Method: models.predict

Full name: projects.locations.publishers.models.predict

Request message for running inference on Google's generative AI models on Vertex AI. You can use this method to perform tasks like image generation, image editing, virtual try-on, visual question answering, video generation, and generating text and multimodal embeddings.
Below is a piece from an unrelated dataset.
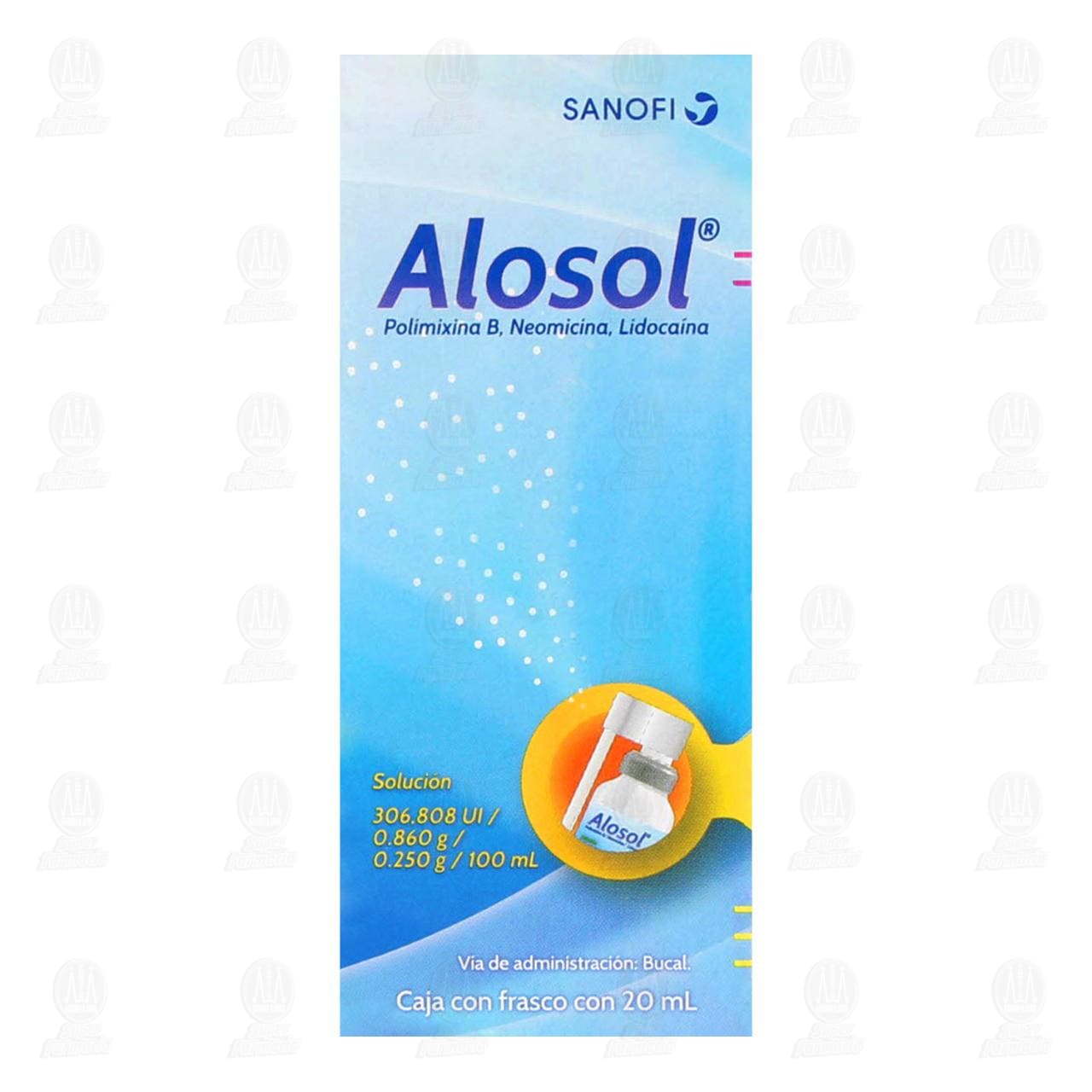 FARMACOCINÉTICA Y FARMACODINAMIA: ALOSOL® combina la acción bactericida de dos antibióticos que ejercen su efecto en los procesos infecciosos de origen bacteriano, con un anestésico local. La neomicina es un antibiótico aminoglucósido, activo contra una extensa variedad de patógenos bacterianos grampositivos y gramnegativos, que inhibe la síntesis de las proteínas al unirse a la unidad ribosomal 30S de la bacteria. La polimixina B es un antibiótico bactericida que actúa sobre una gran cantidad de gérmenes grampositivos y gramnegativos, alterando la permeabilidad de la membrana citoplásmica bacteriana. Las propiedades anestésicas de la lidocaína ayudan a reducir considerablemente las molestias de las afecciones bucofaríngeas. A diferencia de los derivados del ácido para-aminobenzoico, la lidocaína carece de efectos alergénicos.

To run inference on a base (non-tuned) Gemini model, see models.generateContent.

Endpoint

post https://aiplatform.googleapis.com/v1beta1/{endpoint}:predict

Path parameters

endpoint string

Required. The resource name of the publisher model or endpiont requested to serve the prediction. For Google models like Embedding, Imagen, or Veo, use the publisher model format. For tuned models or other models deployed to a Vertex AI

Endpoint

, use the endpoint format.

Publisher model format:

projects/{project}/locations/{location}/publishers/google/models/{model}
Endpoint format:

projects/{project}/locations/{location}/endpoints/{endpoint}

Request body

The request body contains data with the following structure:

Fields

instances[] value (Value format)

Required. The format of each instance is model-dependent. For Vertex AI Generative AI models, the instance schema can be one of the following types:

Text Embedding: TextEmbeddingPredictionInstance
Multimodal Embedding: VisionEmbeddingModelInstance
Imagen for image generation and editing: VisionGenerativeModelInstance
Imagen for virtual try-on: VirtualTryOnModelInstance
Imagen for visual question answering (VQA): VisionReasoningModelInstance
Veo for video generation: VideoGenerationModelInstance

parameters value (Value format)

The format of parameters is model-dependent. For Vertex AI Generative AI models, the parameters schema can be one of the following types:

Text Embedding: TextEmbeddingPredictionParams
Multimodal Embedding: VisionEmbeddingModelParams
Imagen for image generation and editing: VisionGenerativeModelParams
Imagen for virtual try-on: VirtualTryOnModelParams
Imagen for visual question answering (VQA): VisionReasoningModelParams
Veo for video generation: VideoGenerationModelParams

labels map (key: string, value: string)

Optional. The user labels for Imagen billing usage only. Only Imagen supports labels. For other use cases, it will be ignored.

Response body

If successful, the response body contains an instance of PredictResponse.